— Так нечестно! — закричал один мальчик, дергаясь от возмущения всем телом, точно у него была пляска святого Витта.
— Нечестно! — вторили другие. — Викарий лягает собак!
Обвинение было несправедливым и неверным. Преподобный Джеймс, увидев, что случилось, решил, что единственно правильное решение — попробовать догнать чемодан и схватить его. В колледже Святого Иоанна он был великолепным спрингером. Разумеется, собаки и не думали состязаться с ним в беге: им только хотелось поймать странный предмет и разорвать его в клочья. И если на бегу священник и отпихнул какую-то собаку, он действовал не нарочно.
Данверс, который выбежал на дорогу, чтобы помочь Г.М., понял, что им грозит новая беда.
— Сэр Генри! — умоляюще взывал он.
Г.М. в съехавшей на глаза панаме вознес кулаки к небу. С губ его слетали такие непристойности, такие живописные ругательства, что все окошки в верхних этажах раскрылись, словно в музыкальном ревю.
— Прошу вас! — стонал Данверс.
— Ах ты, чтоб тебя!.. — отвечал Г.М.
— Внизу, на лугу, сидит полковник Бейли! Чемодан и собаки несутся прямо на него! Если они свалятся на полковника…
— То что? — спросил Г.М., резким жестом сдвигая панаму на затылок.

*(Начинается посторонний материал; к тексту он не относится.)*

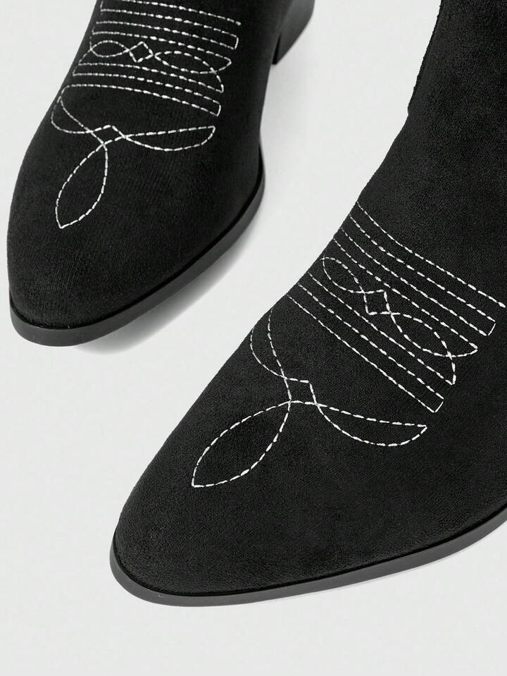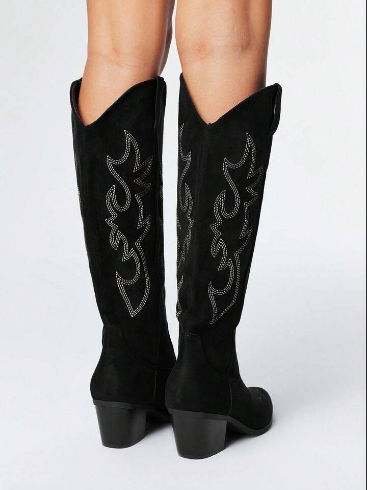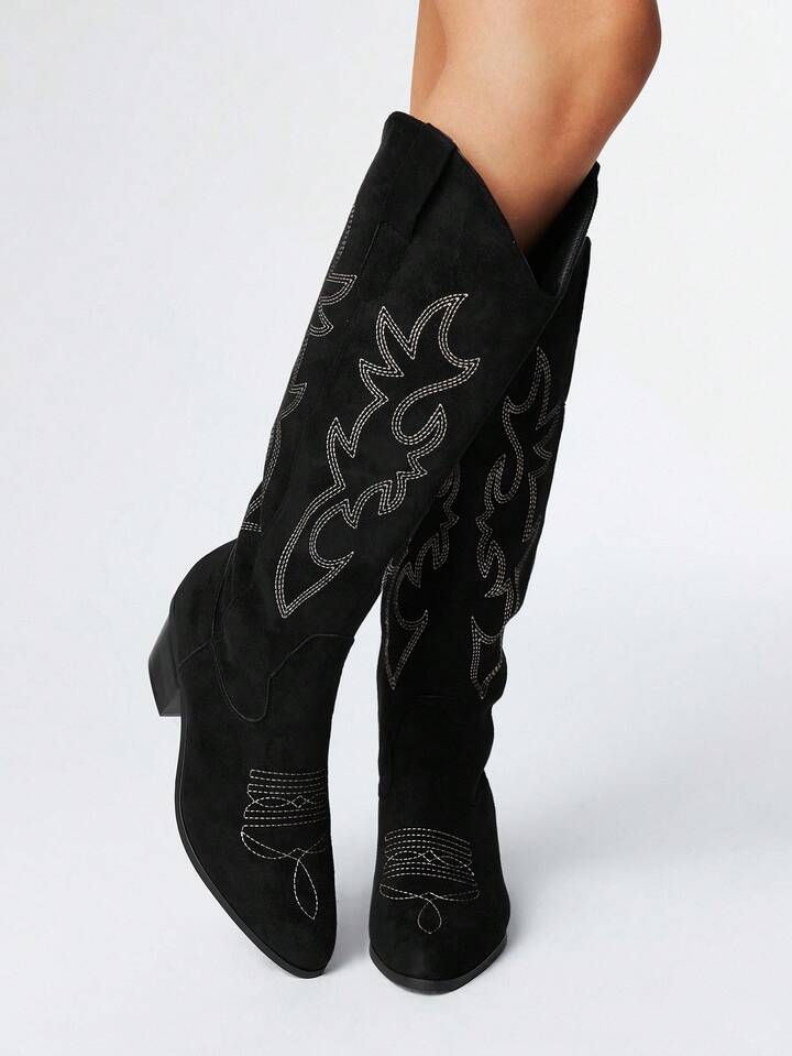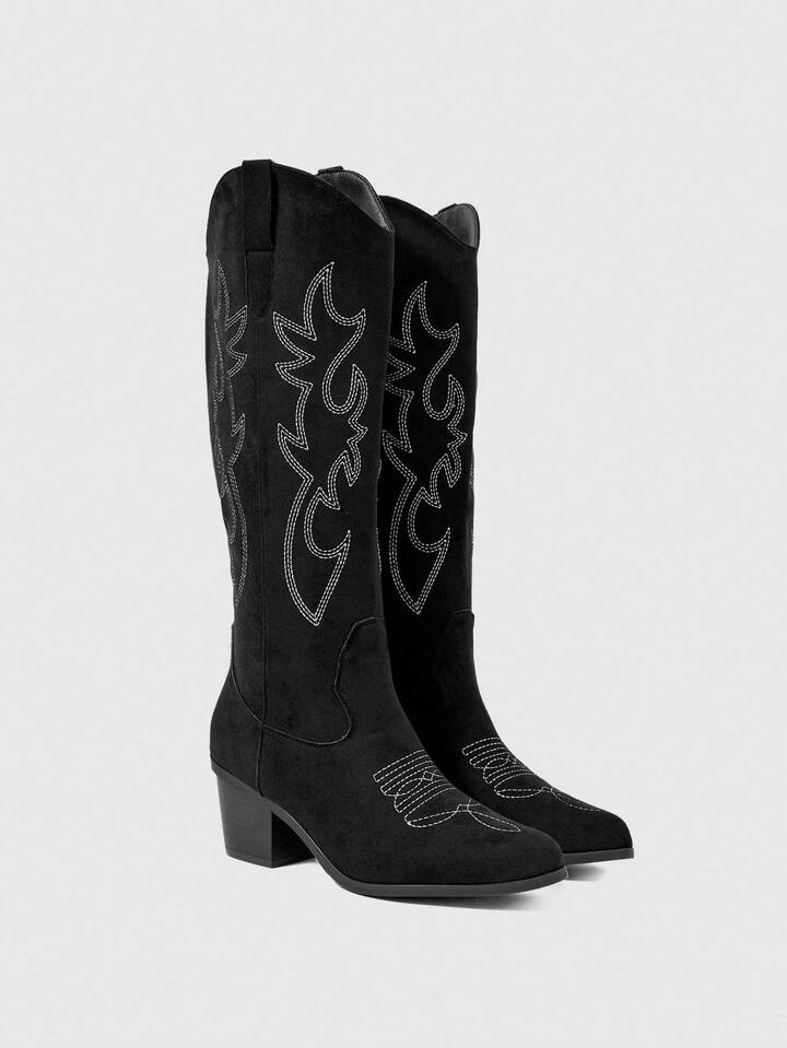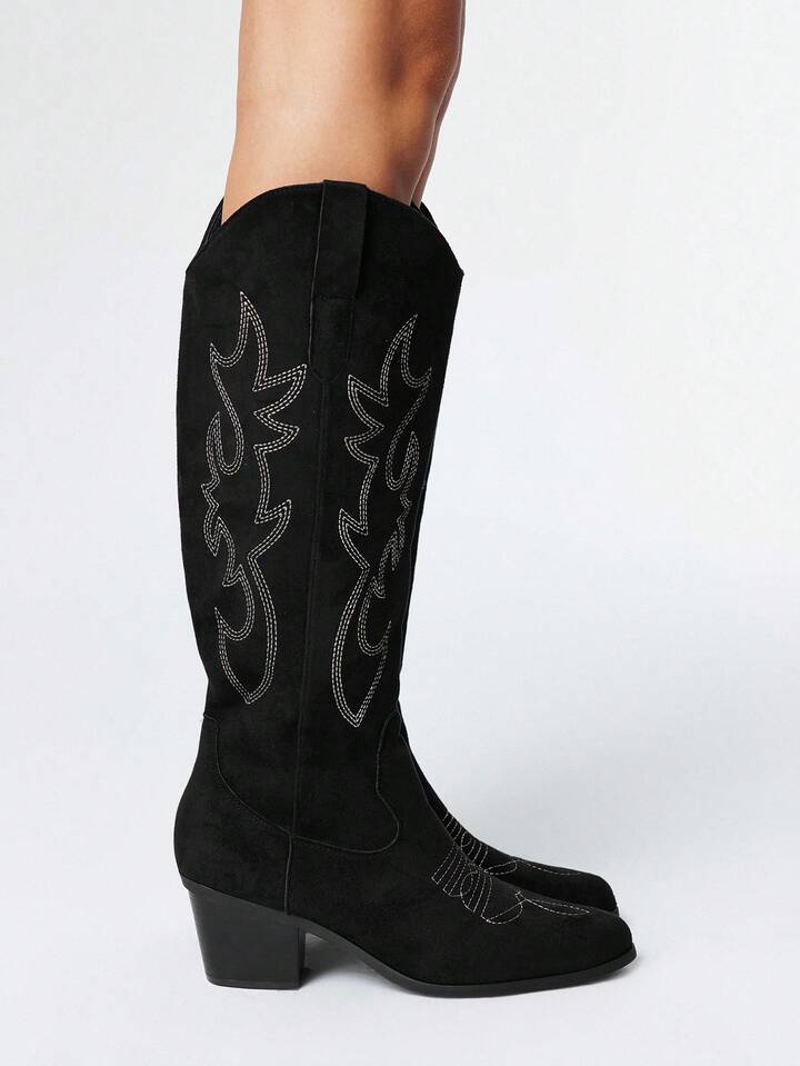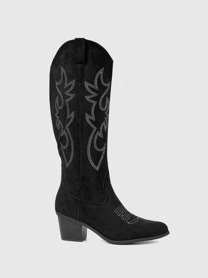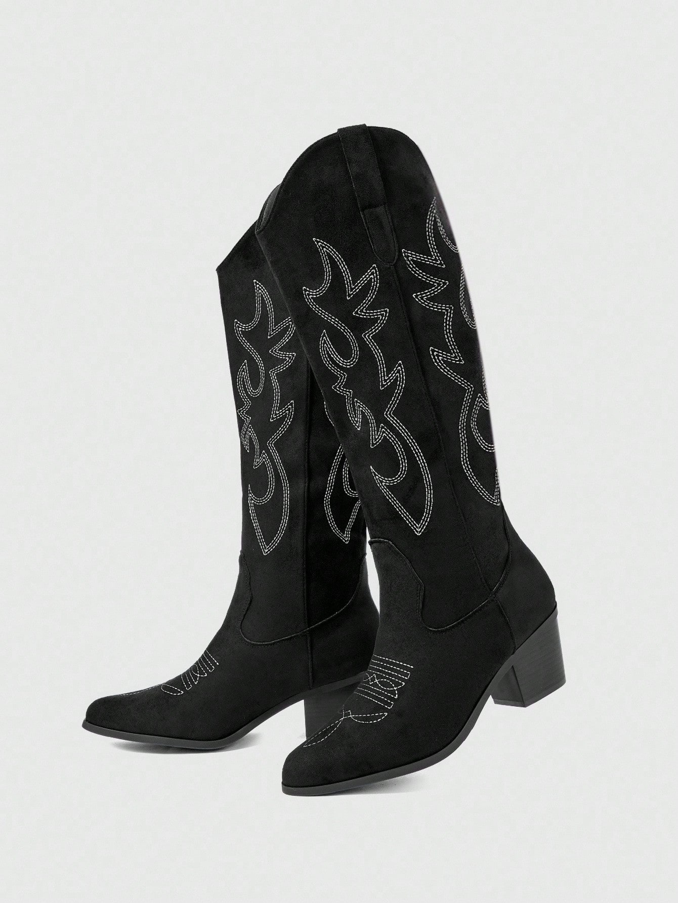 Kawaii 2025 Autumn/Winter New Women's Plus Size Fashionable Tall Embroidered Western Cowboy Boots, Suede Outdoor Pull-On Over-The-Knee Boots

Если бы не новая угроза, он бы просидел на улице минут двадцать, в красках расписывая урон, какой понес его копчик от соприкосновения с асфальтом. Но, услышав о надвигающейся беде, великий человек с трудом встал, придерживая обеими руками панаму, и, переваливаясь, побежал вниз по Главной улице со скоростью, почти поражавшей воображение.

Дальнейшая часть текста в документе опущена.